WHAT IS REQUIRED: What you give back must match the records below word for word.

RECORDS TO PROCESS:
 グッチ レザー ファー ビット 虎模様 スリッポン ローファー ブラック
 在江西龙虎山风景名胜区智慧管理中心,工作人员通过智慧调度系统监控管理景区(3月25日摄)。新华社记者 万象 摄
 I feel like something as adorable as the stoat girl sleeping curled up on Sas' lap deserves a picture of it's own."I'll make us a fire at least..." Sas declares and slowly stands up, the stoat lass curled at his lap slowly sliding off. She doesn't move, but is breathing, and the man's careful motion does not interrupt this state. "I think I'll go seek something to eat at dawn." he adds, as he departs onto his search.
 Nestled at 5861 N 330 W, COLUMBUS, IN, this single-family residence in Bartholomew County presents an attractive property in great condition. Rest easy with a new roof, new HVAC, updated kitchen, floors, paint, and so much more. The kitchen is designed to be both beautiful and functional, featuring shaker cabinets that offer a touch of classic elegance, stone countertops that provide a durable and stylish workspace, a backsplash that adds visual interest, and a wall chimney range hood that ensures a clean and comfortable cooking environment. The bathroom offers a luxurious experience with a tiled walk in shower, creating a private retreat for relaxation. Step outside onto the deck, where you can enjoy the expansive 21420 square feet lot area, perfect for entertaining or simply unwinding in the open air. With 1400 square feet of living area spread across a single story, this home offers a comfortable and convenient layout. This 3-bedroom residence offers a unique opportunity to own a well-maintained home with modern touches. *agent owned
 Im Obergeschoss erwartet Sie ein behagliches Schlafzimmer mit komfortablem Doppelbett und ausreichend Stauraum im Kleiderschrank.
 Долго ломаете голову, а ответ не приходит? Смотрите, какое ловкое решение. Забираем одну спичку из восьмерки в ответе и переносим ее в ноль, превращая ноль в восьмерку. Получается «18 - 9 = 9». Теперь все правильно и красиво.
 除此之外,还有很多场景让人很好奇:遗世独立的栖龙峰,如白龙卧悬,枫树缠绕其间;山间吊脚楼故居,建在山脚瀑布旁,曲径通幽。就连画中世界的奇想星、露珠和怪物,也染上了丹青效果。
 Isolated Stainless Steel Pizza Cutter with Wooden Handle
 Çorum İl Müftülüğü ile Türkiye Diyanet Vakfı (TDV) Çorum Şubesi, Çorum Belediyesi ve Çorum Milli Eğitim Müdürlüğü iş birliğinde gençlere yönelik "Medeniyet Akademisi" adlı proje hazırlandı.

EXPECTED OUTPUT:
 グッチ レザー ファー ビット 虎模様 スリッポン ローファー ブラック
 在江西龙虎山风景名胜区智慧管理中心,工作人员通过智慧调度系统监控管理景区(3月25日摄)。新华社记者 万象 摄
 I feel like something as adorable as the stoat girl sleeping curled up on Sas' lap deserves a picture of it's own."I'll make us a fire at least..." Sas declares and slowly stands up, the stoat lass curled at his lap slowly sliding off. She doesn't move, but is breathing, and the man's careful motion does not interrupt this state. "I think I'll go seek something to eat at dawn." he adds, as he departs onto his search.
 Nestled at 5861 N 330 W, COLUMBUS, IN, this single-family residence in Bartholomew County presents an attractive property in great condition. Rest easy with a new roof, new HVAC, updated kitchen, floors, paint, and so much more. The kitchen is designed to be both beautiful and functional, featuring shaker cabinets that offer a touch of classic elegance, stone countertops that provide a durable and stylish workspace, a backsplash that adds visual interest, and a wall chimney range hood that ensures a clean and comfortable cooking environment. The bathroom offers a luxurious experience with a tiled walk in shower, creating a private retreat for relaxation. Step outside onto the deck, where you can enjoy the expansive 21420 square feet lot area, perfect for entertaining or simply unwinding in the open air. With 1400 square feet of living area spread across a single story, this home offers a comfortable and convenient layout. This 3-bedroom residence offers a unique opportunity to own a well-maintained home with modern touches. *agent owned
 Im Obergeschoss erwartet Sie ein behagliches Schlafzimmer mit komfortablem Doppelbett und ausreichend Stauraum im Kleiderschrank.
 Долго ломаете голову, а ответ не приходит? Смотрите, какое ловкое решение. Забираем одну спичку из восьмерки в ответе и переносим ее в ноль, превращая ноль в восьмерку. Получается «18 - 9 = 9». Теперь все правильно и красиво.
 除此之外,还有很多场景让人很好奇:遗世独立的栖龙峰,如白龙卧悬,枫树缠绕其间;山间吊脚楼故居,建在山脚瀑布旁,曲径通幽。就连画中世界的奇想星、露珠和怪物,也染上了丹青效果。
 Isolated Stainless Steel Pizza Cutter with Wooden Handle
 Çorum İl Müftülüğü ile Türkiye Diyanet Vakfı (TDV) Çorum Şubesi, Çorum Belediyesi ve Çorum Milli Eğitim Müdürlüğü iş birliğinde gençlere yönelik "Medeniyet Akademisi" adlı proje hazırlandı.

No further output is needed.